Abstract

Introduction PD-L1 and its receptor PD-1 are both expressed on multiple cell types, including antigen-presenting cells, T cells and tumor cells. In DLBCL, PD-L1 expression on non-malignant immune cells is common, whereas tumor-cell PD-L1 expression is restricted to a small percentage of pts. Because PD-L1/PD-1 are expressed on macrophages after in vitro activation, and activated macrophages contribute to antibody-dependent cellular phagocytosis (ADCP), high PD-L1 expression may identify tumors enriched with activated tumor-infiltrating macrophages primed for ADCP. Considering the role of ADCP in clinical responses to anti-CD20 (rituximab/obinutuzumab), we hypothesized that PD-L1 expression could reflect abundance of activated tumor-infiltrating macrophages and may be associated with prolonged PFS in 1L DLBCL. We leveraged 2 large Phase 3 trials and cell-line immune gene expression to better understand the biological and clinical relevance of PD-L1 expression in 1L DLBCL.

Methods We used clinical, genomic and pre-treatment immunohistochemistry (IHC) data from 1L DLBCL pts treated in the MAIN (NCT00486759) and GOYA (NCT01287741) trials. Pre-treatment tissue microarray cores from 201 MAIN pts were stained for PD-L1 (clone SP263), with 21 uninvolved lymph node FFPE sections used as controls. PD-L1+ samples were defined as IHC > 1+ (> 1% tissue area occupied by PD-L1+ cells). Tumor cells were identified based on morphological/cytological features, and PD-L1 tumor expression was scored as a percentage. Activated B-cell (ABC), germinal center B-cell (GCB) and unclassified DLBCL prognostic subtypes were determined by the NanoString Lymph2Cx cell-of-origin (COO) assay. We quantified mRNA expression of PD-L1, macrophage and B-cell genes using TruSeq (Illumina) RNAseq among 702 DLBCL pts (GOYA, n = 552; MAIN, n = 150), with 28 DLBCL cell lines and 15 purified normal B-cell samples as comparators. High/low expression of each gene signature was determined by median cutoffs. Median follow-up durations were 24 and 29 mo in MAIN and GOYA, respectively (≈ 30% of PFS events in both cohorts). We used Cox regression to examine associations between these markers and PFS, adjusting for IPI, age, COO, sex and treatment arm.

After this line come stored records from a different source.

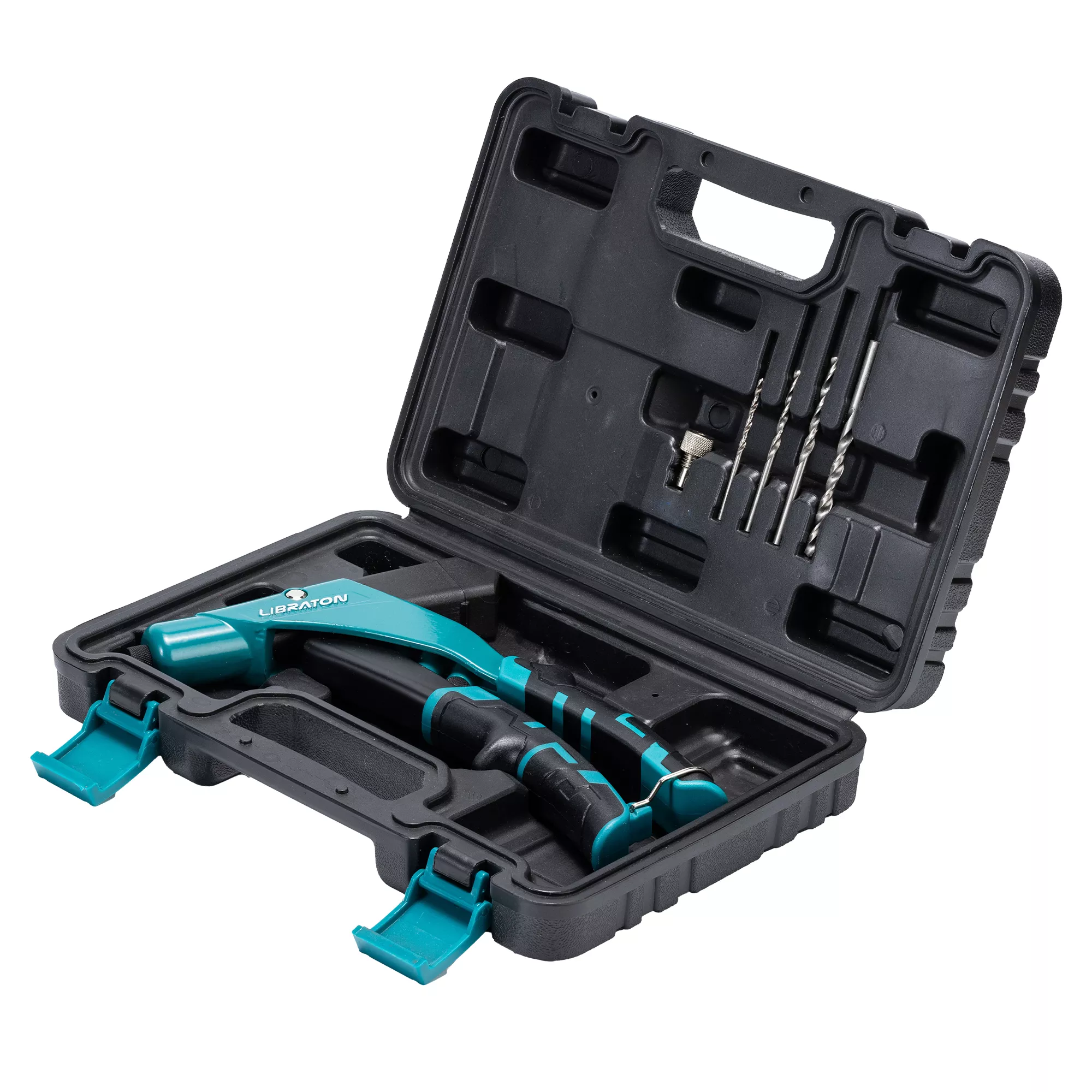 Crafted from durable die-cast aluminum alloy and featuring a Cr-Mo steel three-jaw head, this rivet gun set is made to withstand demanding tasks. Heat-treated alloy steel components add extra strength and reliability. Whether you’re working in tight spaces or need a quick fix on-site, this tool is tough enough to get the job done.
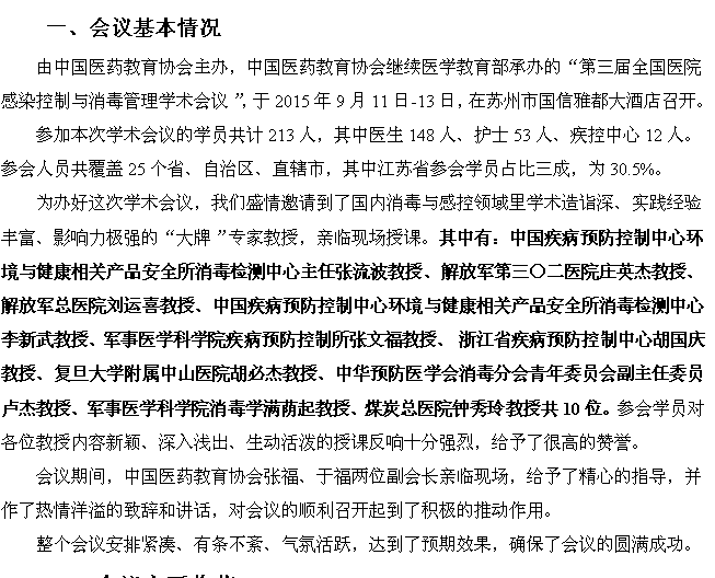 关于“第三届全国医院感染控制与消毒管理学术会议”的纪要
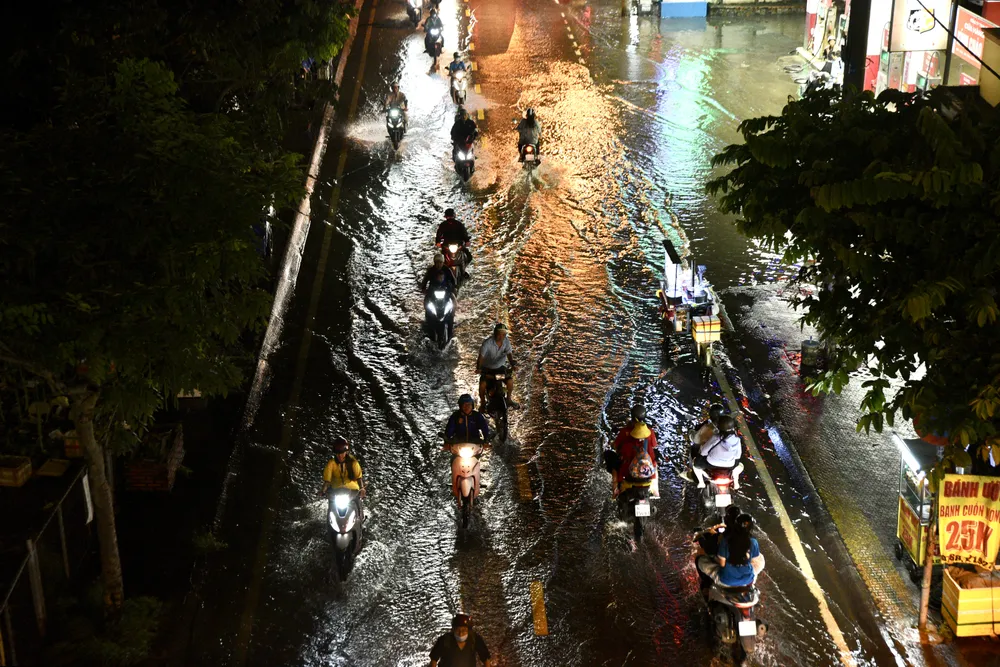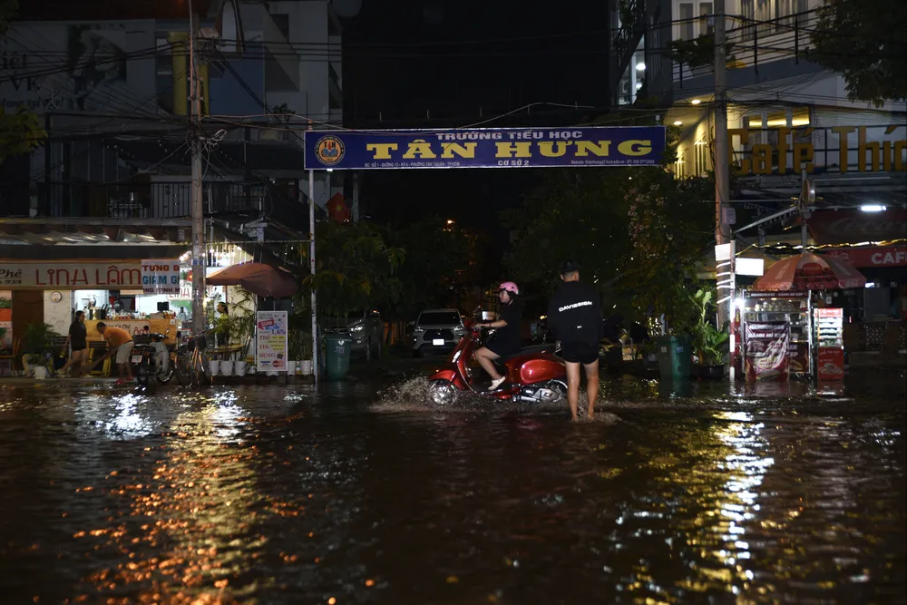 Từ 16 giờ 6-11, triều cường dâng cao, một số tuyến đường tại TP.HCM ngập trong nước. Tại đường Trần Xuân Soạn (phường Tân Thuận, TP.HCM), triều cường dâng cao, nước từ sông tràn vào khiến nhiều tuyến đường ngập sâu.

Results Among 201 DLBCL pts in MAIN, PD-L1 was primarily detected on inter-follicular cells with myeloid/dendritic morphology, similar to the PD-L1 staining pattern of normal lymph nodes. In samples with evaluable germinal centers (GCs), a subset of GC cells expressed PD-L1 with a punctate and granular pattern consistent with a myeloid origin. Overall, there were significantly more pts with high PD-L1 expression by IHC (IHC 3+) and mRNA among ABC vs GCB DLBCL pts. A minority of DLBCL pts (10%) had PD-L1+ tumor cells, consistent with low/undetectable CD274 (PD-L1) mRNA in the majority of DLBCL cell lines and purified normal B-cell samples tested. Additionally, among the 702 evaluable pts in both studies, CD274 mRNA inversely correlated with a B-cell gene signature (MAIN, r= −0.55; GOYA, r= −0.32). High PD-L1 expression (IHC 2+/3+) correlated with prolonged PFS (HR, 0.44 [0.24, 0.80]; P < 0.01) among the 201 evaluable pts in MAIN. Among 552 evaluable pts in GOYA, CD274 expression was higher in pts with a PET-CR (P= 0.02), particularly in pts with ABC DLBCL (P= 0.0001), with a trend toward prolonged PFS in the ABC subtype (HR, 0.80 [0.63, 1.0]; P= 0.054). CD274 mRNA positively correlated with macrophage gene expression in both cohorts (MAIN, r= 0.61; GOYA, r= 0.57); pts with high PD-L1 expression (IHC 2+/3+) also demonstrated high mRNA expression of the macrophage marker CD68. Consistent with PD-L1 reflecting abundance of activated tumor-infiltrating macrophages relevant to anti-CD20 response, high expression of a macrophage signature correlated with prolonged PFS (HR, 0.63 [0.45, 0.87]; P= 0.003) in GOYA and a trend toward prolonged PFS among DLBCL pts treated in MAIN (HR, 0.64 [0.35, 1.16]; P= 0.10), although statistical significance was not reached.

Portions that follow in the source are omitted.